Berdasarkan penjelasan di atas dapat dipahami bahwa pemegang hak pakai memiliki wewenang dan kewajiban yang ditentukan dalam suatu surat Keputusan yang dikeluarkan oleh pejabat berwenang.
Berdasarkan fakta, pihak manajemen kampus belum bisa menunjukkan surat Keputusan dimaksud. Yang ada hanya selembar sertifikat hak pakai yang tidak menjelaskan wewenang dan kewajiban sebagai pemegang hak pakai.
Sedangkan Surat Keputusan yang memberi hak pakai atas tanah negara, sifatnya subtansi dan menjadi prasyarat dikeluarkannya sertifikat hak pakai.

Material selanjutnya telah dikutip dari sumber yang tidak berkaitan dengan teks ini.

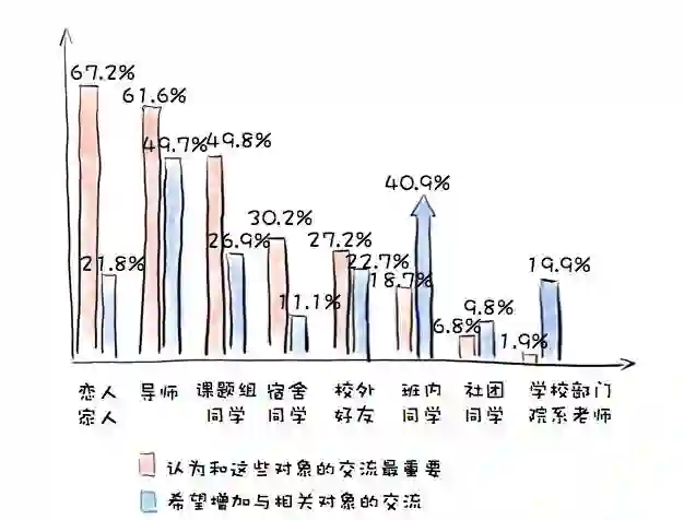 恋人及家人、导师的交流最为重要,最希望与导师、班内同学增加交流。

Saat ini perolehan luas areal kampus, Unsyiah mencapai luasnya mendekati 145 hektare, dari total 181,3 ha. IAIN/UIN memiliki 30 hektare. Sedangkan Dayah Manyang Tgk Chik Pante Kulu tidak memperoleh satu meterpun.
Padahal Unsyiah, IAIN/UIN dan Dayah Manyang Pante Tgk Chik Pante Kulu, ketiganya dilahirkan dan didirikan dalam Komplek Pelajar Mahasiswa Darussalam, termasuk perkampungan Kopelma Darussalam sebagai entitas pemerintahan desa.
Tidak adanya surat keputusan penerimaan hak pakai dari pejabat berwenang (setidaknya sampai saat ini karena belum pernah diperlihatkan), yang kemudian atas tanah negara yang diperuntukkan pembangunan Kopelma Darussalam ditafsirkan oleh manajemen salah satu kampus terbesar sekarang ini sebagai Barang Milik Negara. padahal sebagaimana penjelasan di atas, tanah yang dikuasai langsung oleh negara atau tanah negara tidak termasuk kelompok Barang Milik Negara.
Hukum tidak boleh ditafsir sendiri. Tafsir resmi hukum terdapat dalam penjelasan. Perbuatan dalam menafsir hukum sendiri, dapat menyebabkan kesalahan dalam pengambil tindakan, seperti pemagaran jalan.